Quantification and statistics
All statistics were performed by MATLAB (R2016b, MathWorks) and Python (V2.7, Python Software Foundation) routines. Data were judged to be statistically significant, while the P-value less than 0.05. Asterisks denote statistical significance *p < 0.05; **p < 0.01; ***p < 0.001. Unless stated otherwise, values were presented as Mean ± s.e.m..
Author contributions
W.S. and J. H. oversaw the whole project. W.S., J. H. & Z. G. designed the experiments. Z. G. & C. L. performed all animal experiments. Z. G. & H. W. analyzed the data.
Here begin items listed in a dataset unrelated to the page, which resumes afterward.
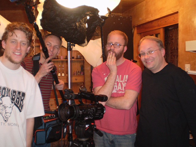 | publicity / behind the scenes still "Rough him up" - most of the crew (from l.): camera assistant Kevin Chapman, sound recordist Claus Zingler, D.O.P. Benn Peacock and director Nicholas Hughes | ||||
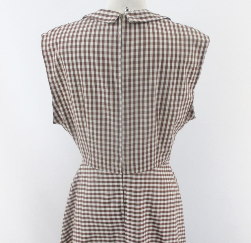 Vintage 50s Brown Gingham Wide Collar Day Dress L
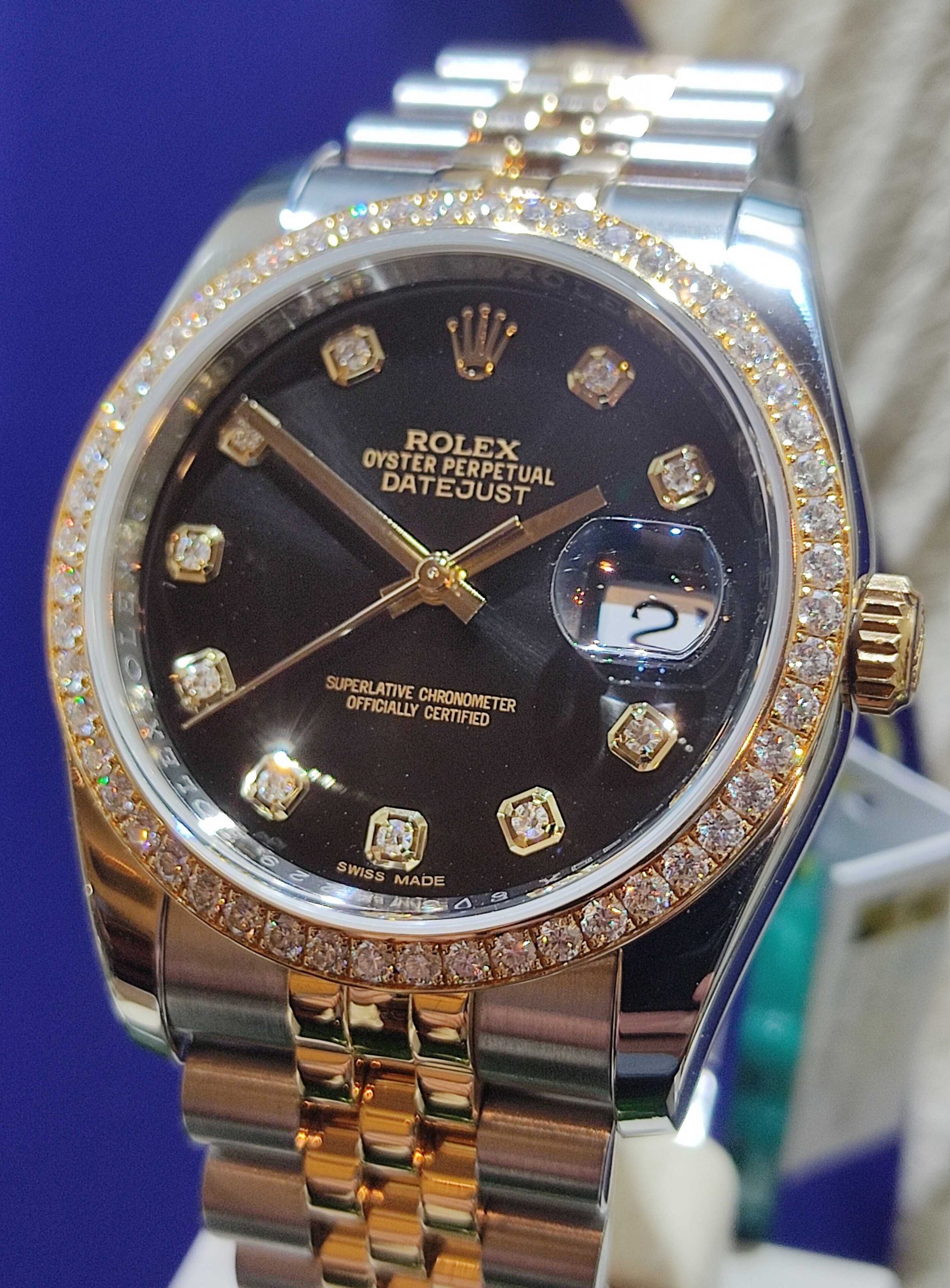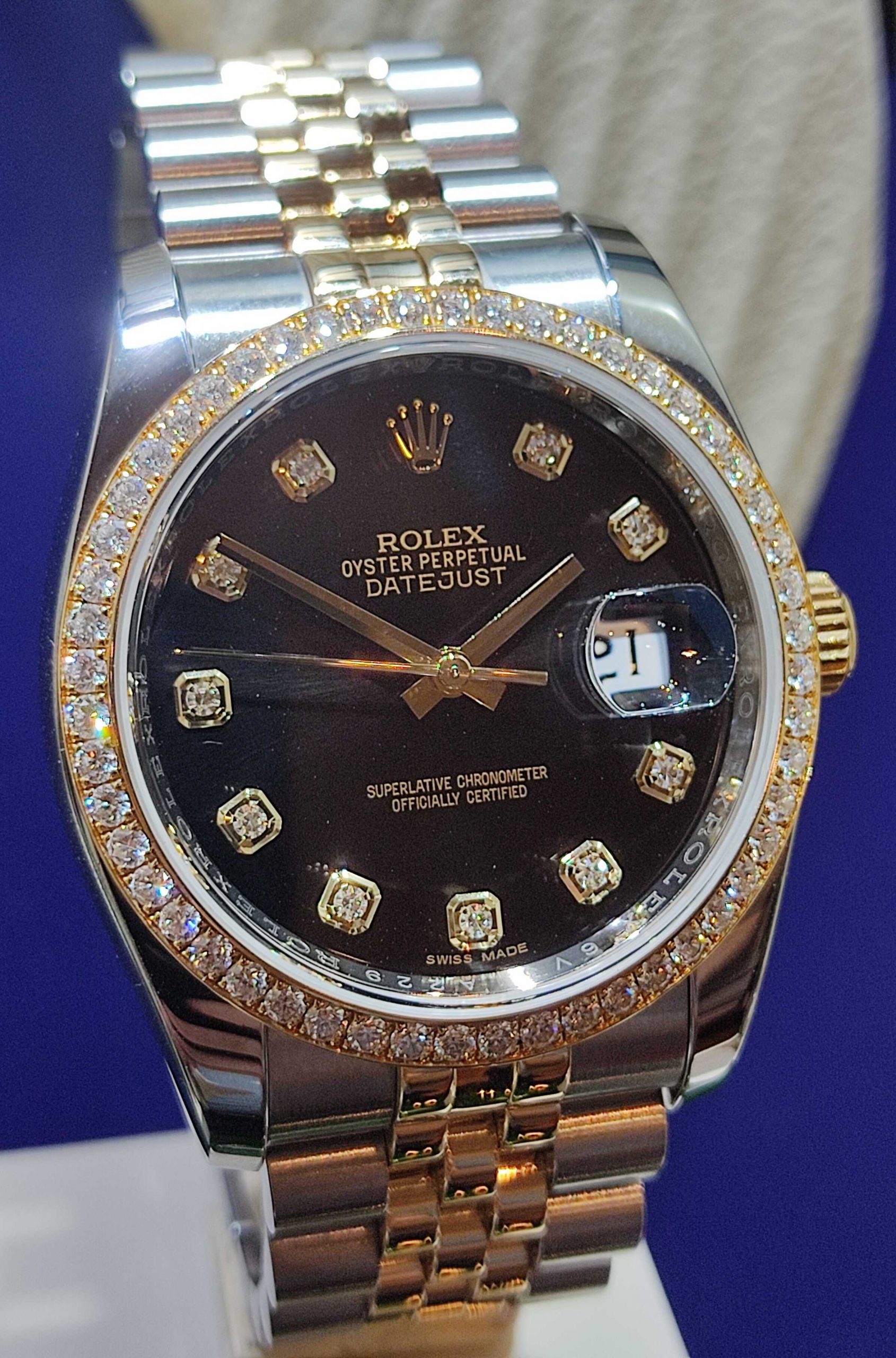 Rolex Datejust Two Tone 36mm Original Black Diamonds Dial & Original Factory Diamonds BezelOut of stock ₪79,750.00Inquire about this watch: Out of stock Inquire about this watch Via WhatsApp Categories: Datejust, Rolex Tags: Modern Watches, New Arrivals, Pre Owned Watches, Rolex Diamonds, Rolex Jubilee, Rolex Ladies, Rolex Two tone steel Gold Share this product Description Description Pre Owned 2018 Ref.116243 36mm Original Factory Diamonds bezel+Dial Jubilee Bracelet Steel& Yellow Gold
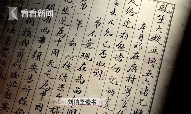 在中央档案馆馆藏中,有一封革命烈士刘伯坚写给其亲属的遗书。潇洒的笔迹中“生是为中国,死是为中国”的豪言壮语,今天看来依然感人至深,信中谆谆嘱告自己的孩子要继续他毕生为之奋斗的革命事业,充分表达了一个共产党人坚定的革命信仰和催人泪下的家国情怀。
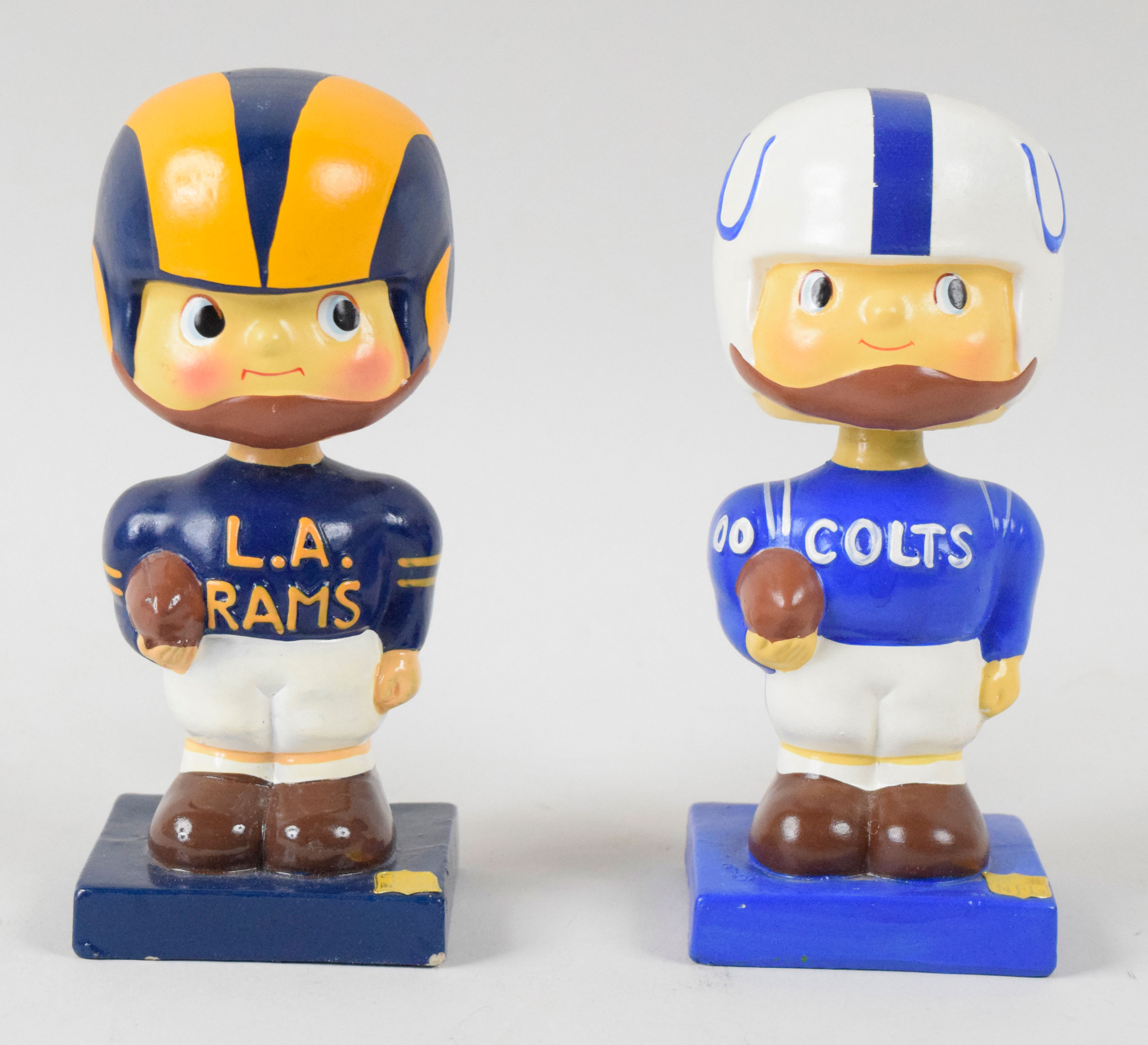 Description:Baltimore Colts and Los Angeles Rams vintage nodders, c.1960-63 (EX/MT). Both are square base nodders. Colts grades EX/MT, and Rams also grades EX/MT but the NFL logo decal was placed on backwards: EX/MT
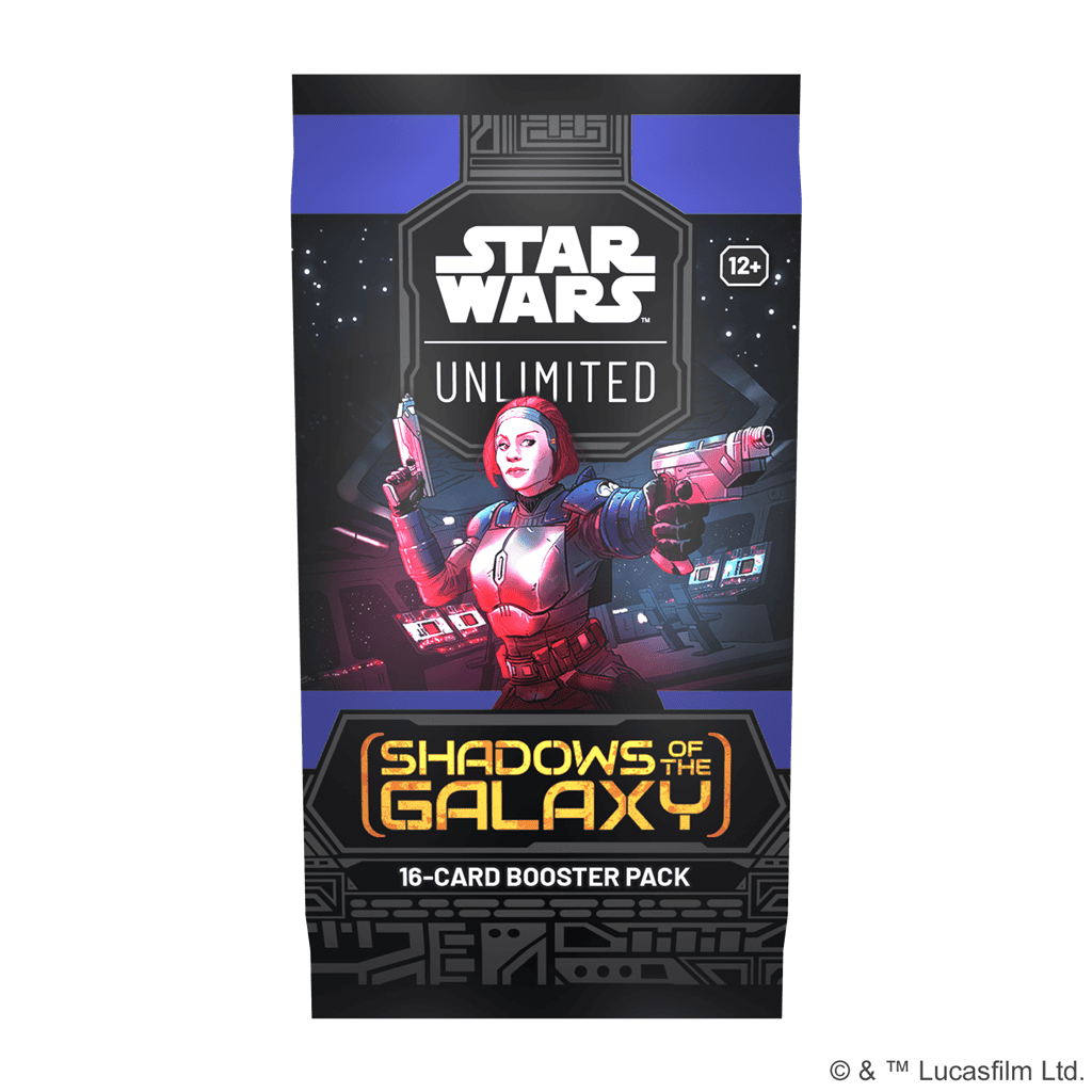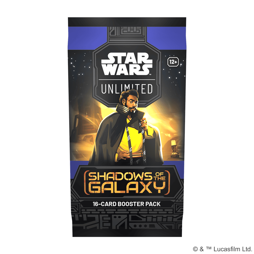Enter a galaxy of endless possibilities in Star Wars™: Unlimited! In this fast-paced, easy-to-learn trading card game, you and your opponent face off in exciting head-to-head battles full of iconic Star Wars characters. In this booster pack for the game’s second set, Shadows of the Galaxy, you’ll find 16 cards to add to your collection, including 9 common cards, 3 uncommon cards, 1 rare or legendary card, 1 leader, 1 base/token, and 1 foil card.
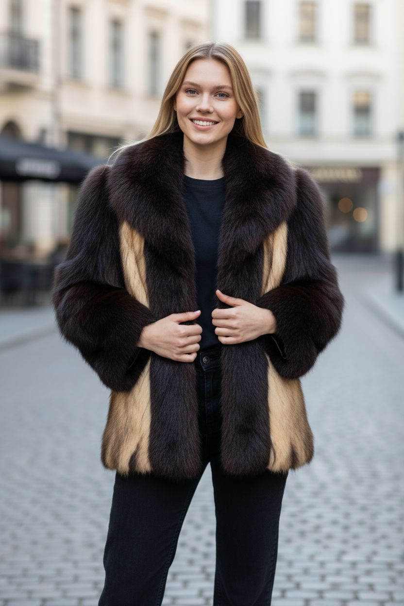 This luxurious natural fitch and fox coat is a true statement of elegance and warmth. Crafted from soft, silky fitch fur with rich natural tones and accented by full, lush fox trim, it blends sophistication with timeless style. The coat’s flattering silhouette and plush texture make it perfect for both formal occasions and everyday glamour. Unique fur to see for the woman who appreciates genuine quality and classic beauty.
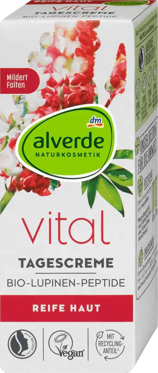Наносите крем на лицо, шею и зону декольте утром после очищения. В качестве оптимальной добавки для ухода мы рекомендуем ночной крем с пептидами люпина Alverde Vital и пептиды люпина с кремом для глаз Alverde Vital.

H. W. & S. F. performed the computational modeling under the supervision of X. J. W.. M. C. performed the electrophysiological recordings. W.S., J. H., H. W. & Z. G. wrote the paper with the participation of all other authors.
Competing interests
The authors declare no competing interests.
Acknowledgments
We thank Drs. M. Lou, W. Ge, Y. Rao, W Zhou, and B Min for comments on the manuscript. This work was supported by the National Natural Science Foundation of China (grant nos. 31922029, 31671086, 61890951, and 61890950 to J.H.), a Shanghai Pujiang Talent Award (grant no. 2018×0302-101-01 to W.S.).